A mirror lands in #shipped so the engineering feed reads as one stream instead of a thousand thread fragments. One stamped comment per state. No event log. Other teams find the temptation to post every internal transition irresistible; we think that produces noise nobody reads and gates nobody trusts.

What this lane costs us

It's slower than going fast and bad. A spec takes 10 to 40 minutes to write and approve. A single-agent end-to-end shipping loop would be faster on the happy path. We pay the slowness because the happy path isn't where the bugs live.

We pay a Codex token bill on every PR. Two Codex passes (one on the spec, one on the diff), both at xhigh reasoning effort. It's not free; we haven't found a cheaper review that catches as much.

We've gotten specs wrong. Too small, too ambitious, wrong rollback, missing dependencies. scafld harden helps but doesn't eliminate the problem; a bad spec still runs to completion before anyone notices, and the cleanup costs more than the build did.

Adversarial review on diffs doesn't catch operational failures. Codex can't see what happens to your send pipeline at 2× peak load. From the same delivery spec review:

F5: Resume path returns the existing send token without re-enqueueing lost Flow::ExecutorJob rows; recovery from a dropped queue depends entirely on the 15-minute stale-expiry sweep. If GoodJob loses rows mid-send, SendProgress shows pending = N forever for 15 minutes, then expire_stale_reservations! marks them failed, never actually retrying the send.

We have a lived version of this, not just a review finding. For about 48 hours in May, Email::NotificationHandler quietly dropped every bounce and complaint it could not match back to a send.

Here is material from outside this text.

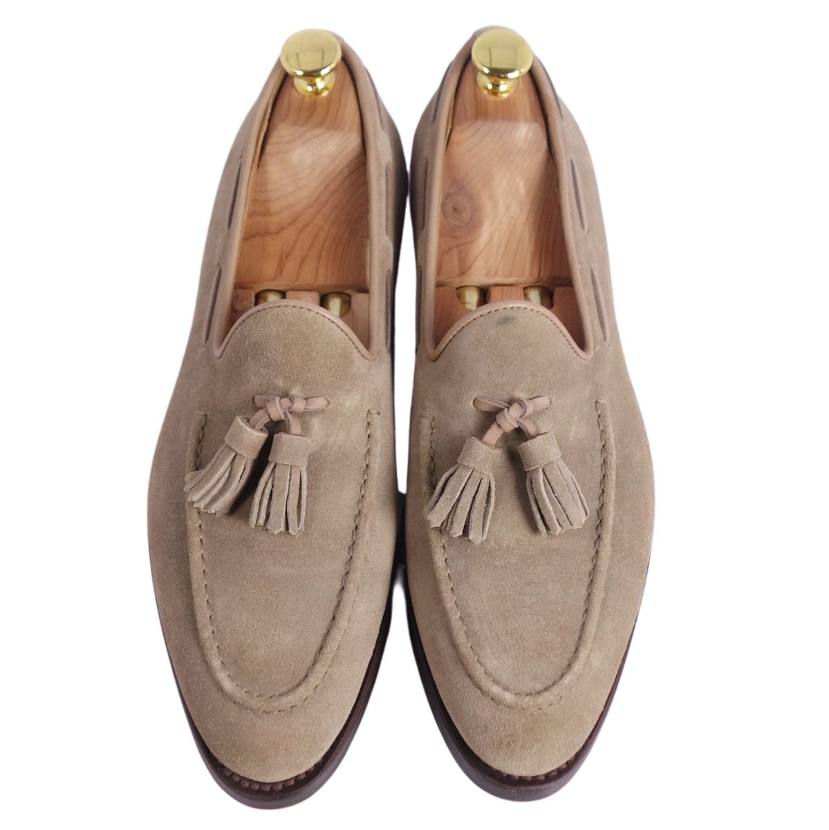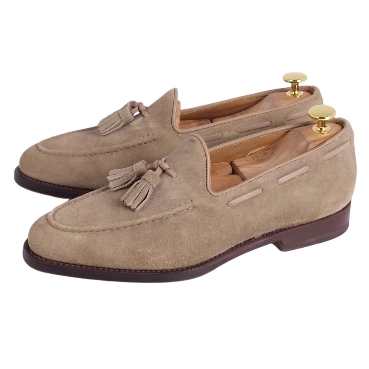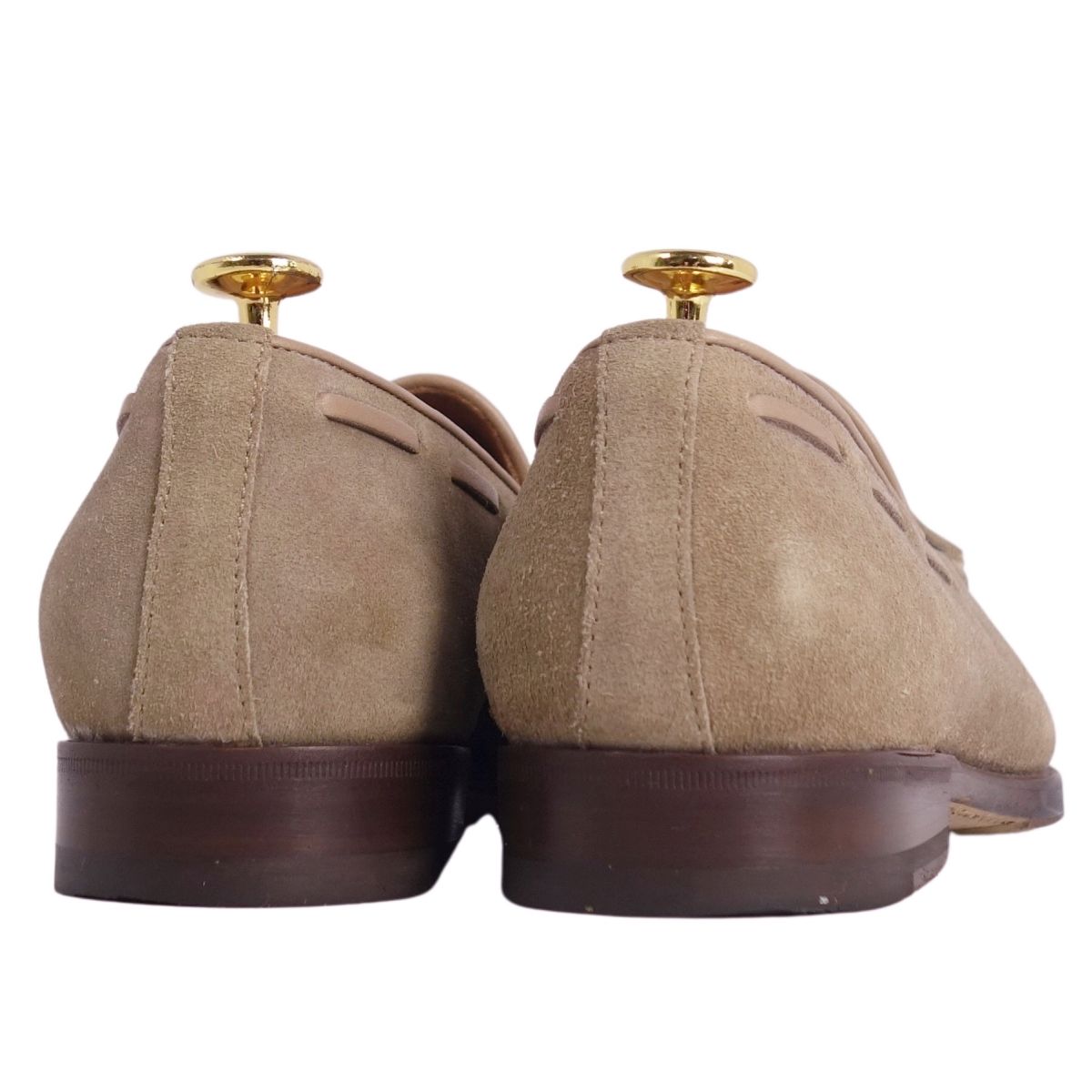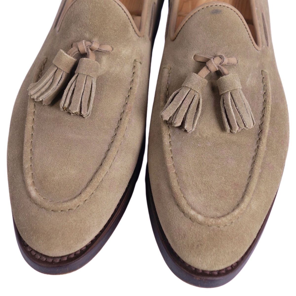 サントーニ ビームス Santoni BEAMS ローファー モカシン タッセル スウェードレザー 革靴 メンズ ベージュ サイズ4.5(24cm相当)

The match depended on metadata riding along in the provider's webhook, and when that metadata did not survive the round trip, the event fell into an else branch that did nothing. No row, no log, no metric. No diff looked wrong, because no diff was wrong. The bug was an absence. nitro_get_insights reported a bounce rate of zero, which is the healthiest number there is, and on the strength of it we shipped campaign 284 into a cohort that was already heavily blacklisted. A reviewer reads the lines that changed. It cannot read the line nobody wrote, and it cannot tell that a dashboard is lying by reporting nothing at all.

That's a class of bug the lane is bad at catching, and we know it. The gate is narrower than the failure surface. Anyone telling you their AI build loop catches everything is selling something.

Boundaries

Not auto-merge. Humans approve the spec at draft and merge the PR at the end. Both gates are non-negotiable. Neither is automatable today, and we have no plans to automate either.

The builder and reviewer must disagree. The whole structure assumes they will. Remove the disagreement and you remove the value. One model reviewing its own work wouldn't need a review gate to begin with.

The unit of work is the spec, not the model. AI ships bounded changes against a spec a human approved. The interesting object is the spec; whichever model wrote the lines is incidental.

Not best practice. This is the shape we landed on after the version that didn't work. The first version was a single-agent loop. It planned, it built, and it graded its own homework. One afternoon it marked an implementation phase complete, the migration in that phase was broken, and nothing in the loop was positioned to disagree with it, so the migration went to staging. We found out when staging stopped coming up.

None of that is the model's fault. We had built a loop whose only witness to the work was the thing doing the work, then acted surprised when the witness lied. Every gate in the current shape is a scar from that afternoon. The protocol is not a best practice we adopted. It is the list of ways we have already been burned.

Close

The agent is replaceable. The lane is not. Most teams will spend the next year discovering that in reverse order: picking a model, building everything around it, and finding out the hard way that the load-bearing part of their system was the part they didn't build.

The model is a vendor. The protocol is the product.